▶ **What you need to do**: Starting at the first line of the entries below, please return exactly each line up to and including the one with "Mobile bagno sotto"; pictures stay out.

Start of Task material

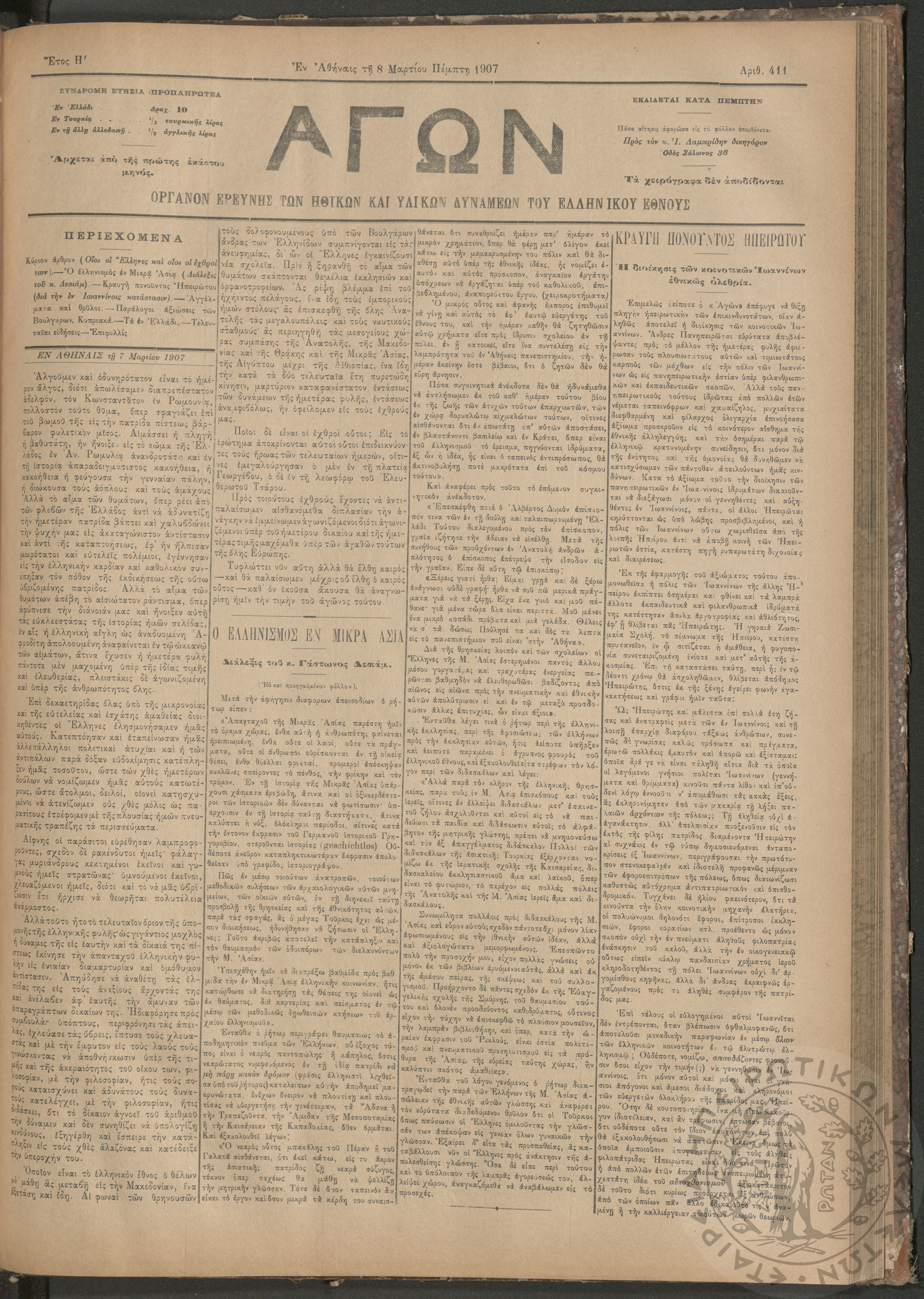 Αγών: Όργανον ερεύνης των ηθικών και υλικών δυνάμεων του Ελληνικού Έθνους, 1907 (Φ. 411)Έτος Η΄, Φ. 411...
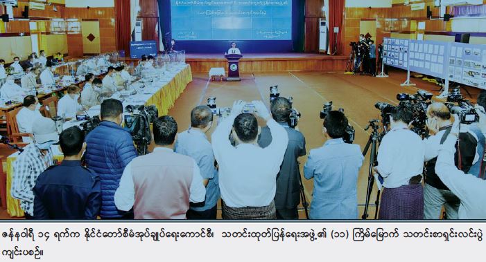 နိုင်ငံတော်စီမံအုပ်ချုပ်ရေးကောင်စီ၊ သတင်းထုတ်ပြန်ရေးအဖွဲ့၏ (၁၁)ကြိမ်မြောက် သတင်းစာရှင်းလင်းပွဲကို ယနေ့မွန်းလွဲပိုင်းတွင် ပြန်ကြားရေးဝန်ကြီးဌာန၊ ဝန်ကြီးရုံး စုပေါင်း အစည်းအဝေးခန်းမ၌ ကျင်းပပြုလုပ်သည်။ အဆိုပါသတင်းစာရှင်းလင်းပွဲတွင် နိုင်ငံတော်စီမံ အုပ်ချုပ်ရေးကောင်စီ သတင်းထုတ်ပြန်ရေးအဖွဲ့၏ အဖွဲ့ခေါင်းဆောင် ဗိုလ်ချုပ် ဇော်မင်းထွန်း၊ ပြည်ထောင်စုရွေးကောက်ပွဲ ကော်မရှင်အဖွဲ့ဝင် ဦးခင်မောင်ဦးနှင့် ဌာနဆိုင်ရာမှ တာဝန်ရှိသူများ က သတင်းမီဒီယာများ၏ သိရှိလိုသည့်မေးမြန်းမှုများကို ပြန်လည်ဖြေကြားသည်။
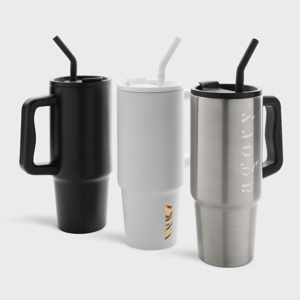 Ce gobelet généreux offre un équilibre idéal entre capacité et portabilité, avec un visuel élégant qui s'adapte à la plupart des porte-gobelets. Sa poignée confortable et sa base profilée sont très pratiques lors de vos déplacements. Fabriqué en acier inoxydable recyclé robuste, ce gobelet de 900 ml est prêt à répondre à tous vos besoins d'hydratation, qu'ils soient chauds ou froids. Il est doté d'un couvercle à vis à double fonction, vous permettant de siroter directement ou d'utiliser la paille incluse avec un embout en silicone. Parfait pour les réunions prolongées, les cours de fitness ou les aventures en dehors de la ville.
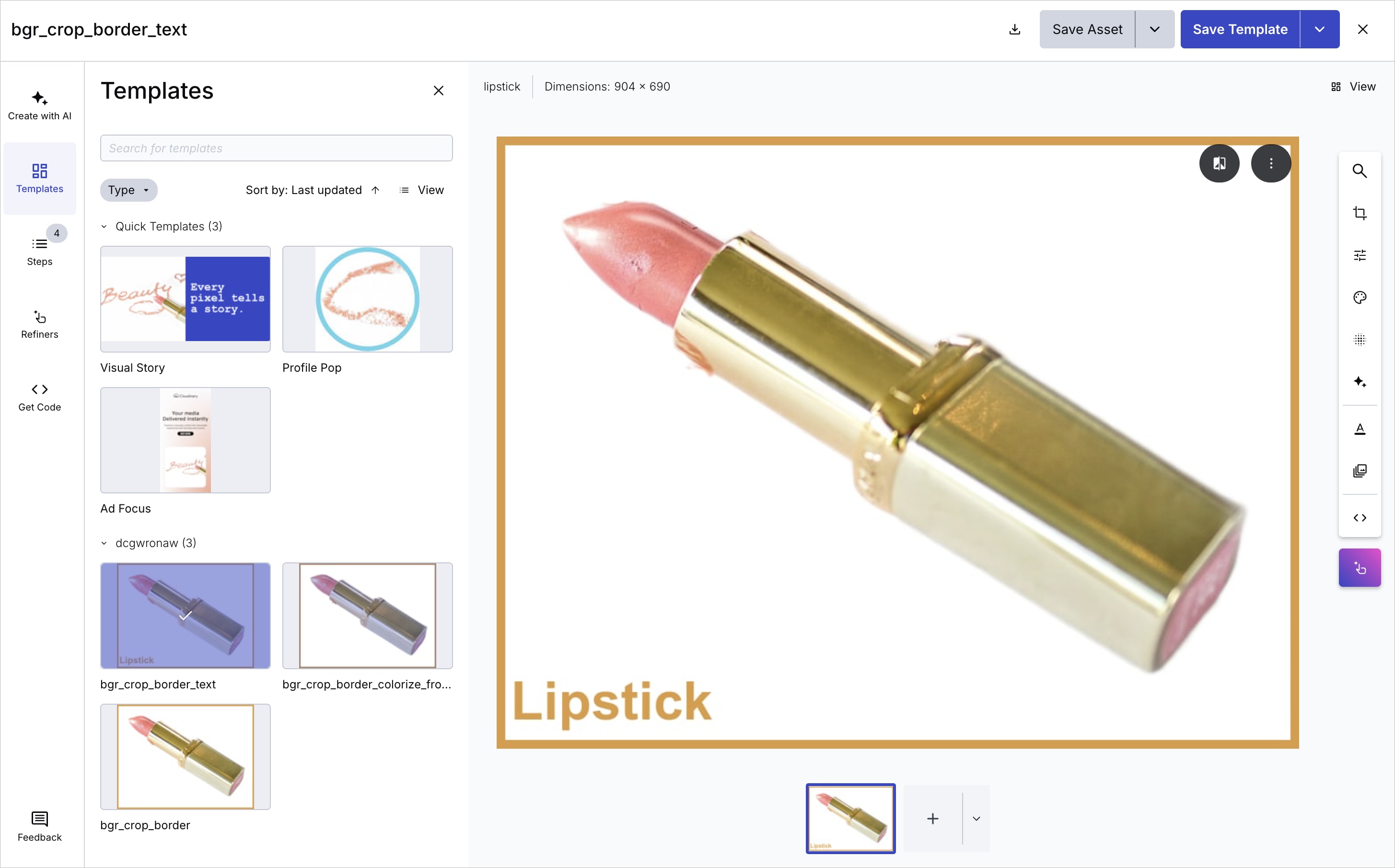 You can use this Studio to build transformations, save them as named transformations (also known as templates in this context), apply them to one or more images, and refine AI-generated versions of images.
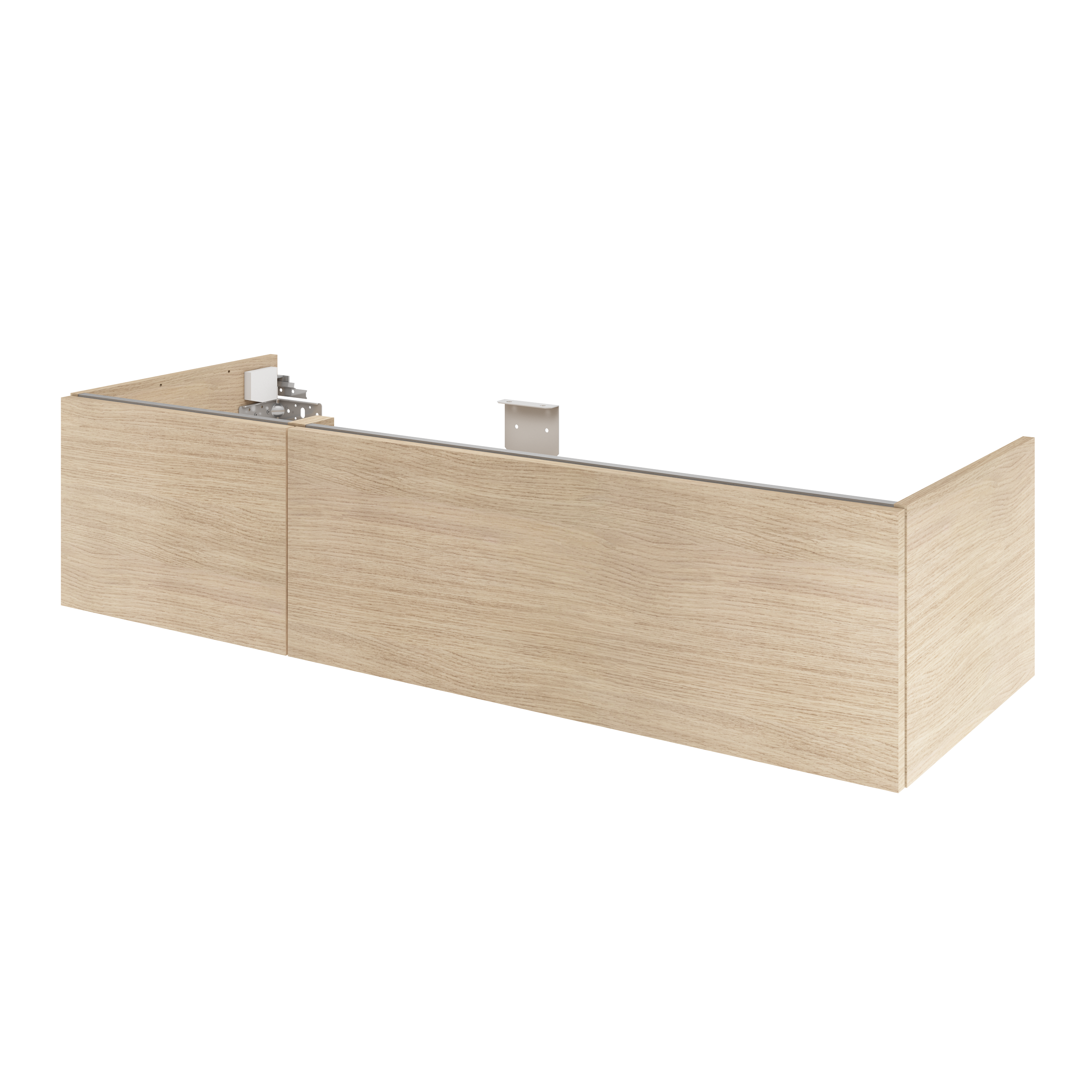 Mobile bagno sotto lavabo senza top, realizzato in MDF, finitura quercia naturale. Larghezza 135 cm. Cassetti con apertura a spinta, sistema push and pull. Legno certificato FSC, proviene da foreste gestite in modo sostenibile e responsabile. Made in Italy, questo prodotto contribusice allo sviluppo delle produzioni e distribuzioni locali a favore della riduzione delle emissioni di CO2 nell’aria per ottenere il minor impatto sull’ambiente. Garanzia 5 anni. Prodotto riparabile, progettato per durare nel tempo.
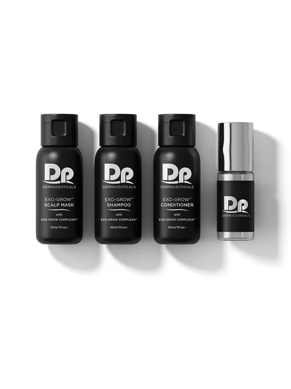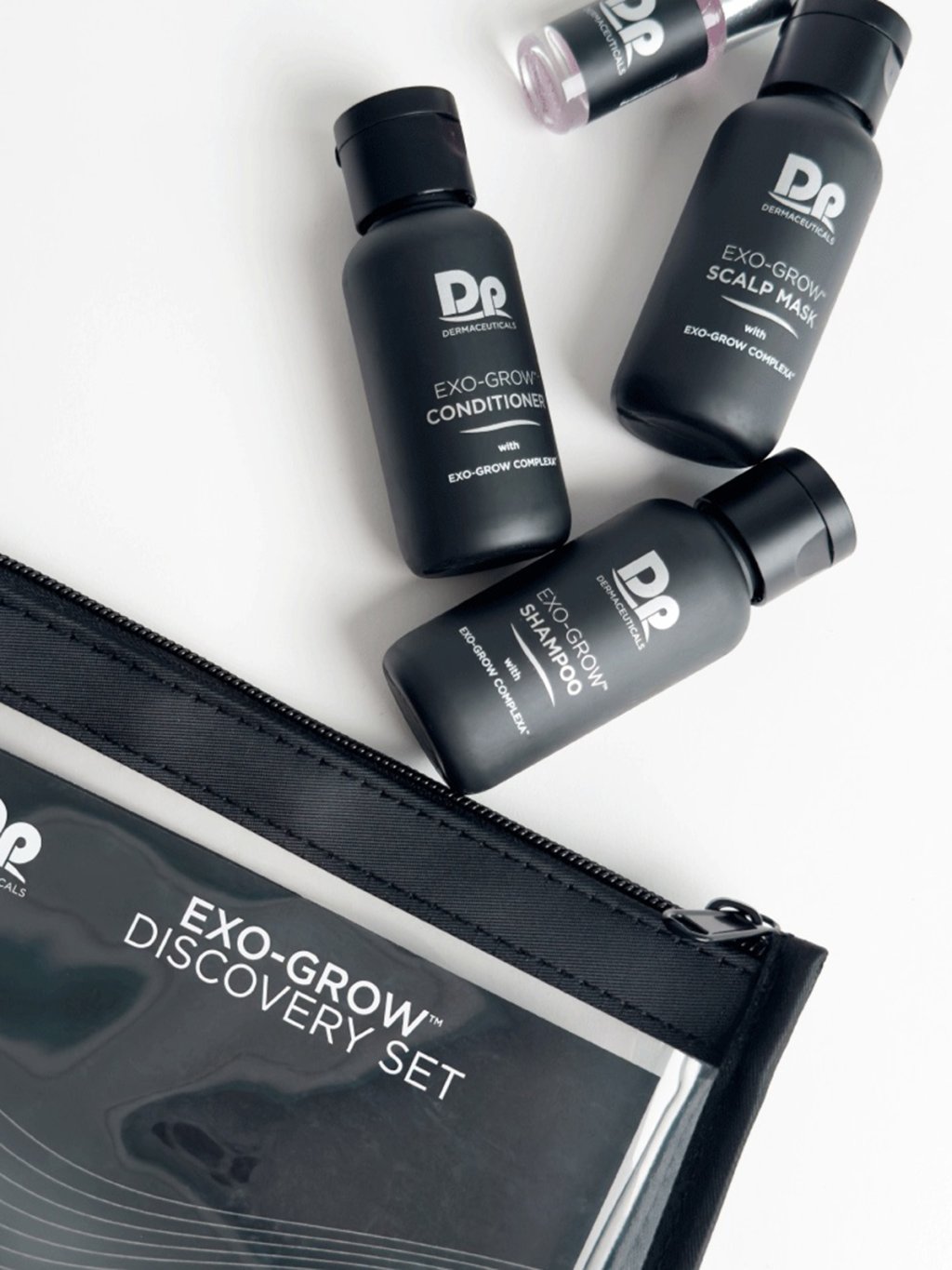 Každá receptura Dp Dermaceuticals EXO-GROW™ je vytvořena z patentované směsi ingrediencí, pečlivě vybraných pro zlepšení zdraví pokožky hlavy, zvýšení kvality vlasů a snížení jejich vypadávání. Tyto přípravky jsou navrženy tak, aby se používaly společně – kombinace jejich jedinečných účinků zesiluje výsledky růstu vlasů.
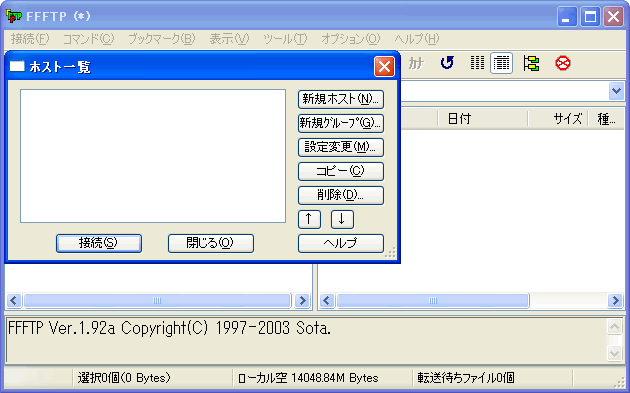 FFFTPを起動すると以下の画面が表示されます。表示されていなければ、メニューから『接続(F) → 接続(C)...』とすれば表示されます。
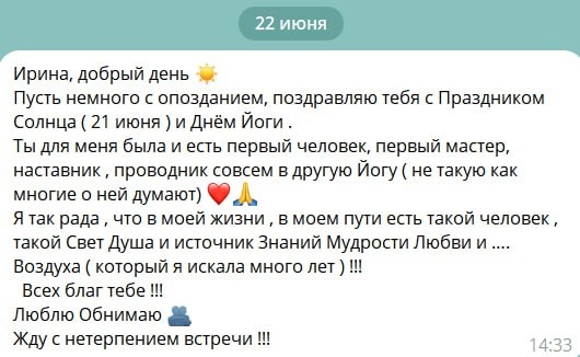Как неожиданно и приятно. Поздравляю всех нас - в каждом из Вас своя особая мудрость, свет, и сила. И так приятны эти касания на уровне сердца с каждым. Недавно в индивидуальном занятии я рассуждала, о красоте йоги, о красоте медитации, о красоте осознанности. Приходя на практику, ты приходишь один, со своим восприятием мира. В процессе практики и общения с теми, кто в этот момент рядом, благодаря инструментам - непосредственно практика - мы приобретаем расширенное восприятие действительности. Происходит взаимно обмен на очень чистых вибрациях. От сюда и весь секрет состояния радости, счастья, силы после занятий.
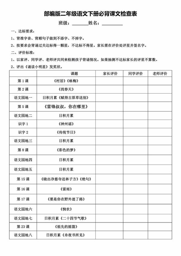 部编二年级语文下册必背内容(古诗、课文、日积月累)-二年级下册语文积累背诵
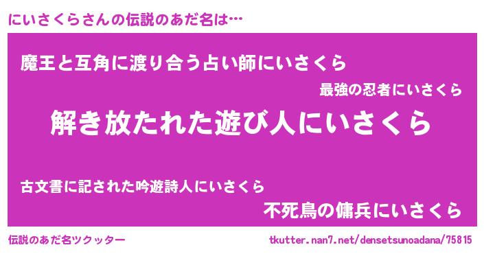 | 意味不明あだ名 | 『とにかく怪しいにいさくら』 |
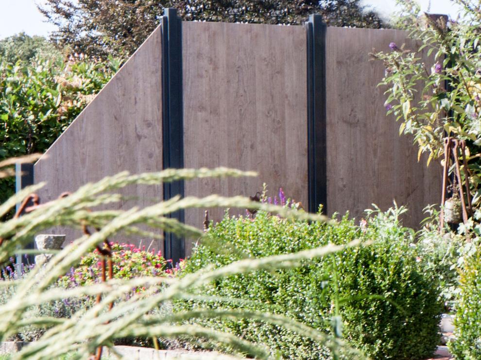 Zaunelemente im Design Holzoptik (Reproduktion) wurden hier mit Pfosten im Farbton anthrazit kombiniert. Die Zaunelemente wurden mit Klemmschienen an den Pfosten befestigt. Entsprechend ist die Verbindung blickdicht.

End of Task material

▶ **Problem solution**:
 Αγών: Όργανον ερεύνης των ηθικών και υλικών δυνάμεων του Ελληνικού Έθνους, 1907 (Φ. 411)Έτος Η΄, Φ. 411...
 နိုင်ငံတော်စီမံအုပ်ချုပ်ရေးကောင်စီ၊ သတင်းထုတ်ပြန်ရေးအဖွဲ့၏ (၁၁)ကြိမ်မြောက် သတင်းစာရှင်းလင်းပွဲကို ယနေ့မွန်းလွဲပိုင်းတွင် ပြန်ကြားရေးဝန်ကြီးဌာန၊ ဝန်ကြီးရုံး စုပေါင်း အစည်းအဝေးခန်းမ၌ ကျင်းပပြုလုပ်သည်။ အဆိုပါသတင်းစာရှင်းလင်းပွဲတွင် နိုင်ငံတော်စီမံ အုပ်ချုပ်ရေးကောင်စီ သတင်းထုတ်ပြန်ရေးအဖွဲ့၏ အဖွဲ့ခေါင်းဆောင် ဗိုလ်ချုပ် ဇော်မင်းထွန်း၊ ပြည်ထောင်စုရွေးကောက်ပွဲ ကော်မရှင်အဖွဲ့ဝင် ဦးခင်မောင်ဦးနှင့် ဌာနဆိုင်ရာမှ တာဝန်ရှိသူများ က သတင်းမီဒီယာများ၏ သိရှိလိုသည့်မေးမြန်းမှုများကို ပြန်လည်ဖြေကြားသည်။
 Ce gobelet généreux offre un équilibre idéal entre capacité et portabilité, avec un visuel élégant qui s'adapte à la plupart des porte-gobelets. Sa poignée confortable et sa base profilée sont très pratiques lors de vos déplacements. Fabriqué en acier inoxydable recyclé robuste, ce gobelet de 900 ml est prêt à répondre à tous vos besoins d'hydratation, qu'ils soient chauds ou froids. Il est doté d'un couvercle à vis à double fonction, vous permettant de siroter directement ou d'utiliser la paille incluse avec un embout en silicone. Parfait pour les réunions prolongées, les cours de fitness ou les aventures en dehors de la ville.
 You can use this Studio to build transformations, save them as named transformations (also known as templates in this context), apply them to one or more images, and refine AI-generated versions of images.
 Mobile bagno sotto lavabo senza top, realizzato in MDF, finitura quercia naturale. Larghezza 135 cm. Cassetti con apertura a spinta, sistema push and pull. Legno certificato FSC, proviene da foreste gestite in modo sostenibile e responsabile. Made in Italy, questo prodotto contribusice allo sviluppo delle produzioni e distribuzioni locali a favore della riduzione delle emissioni di CO2 nell’aria per ottenere il minor impatto sull’ambiente. Garanzia 5 anni. Prodotto riparabile, progettato per durare nel tempo.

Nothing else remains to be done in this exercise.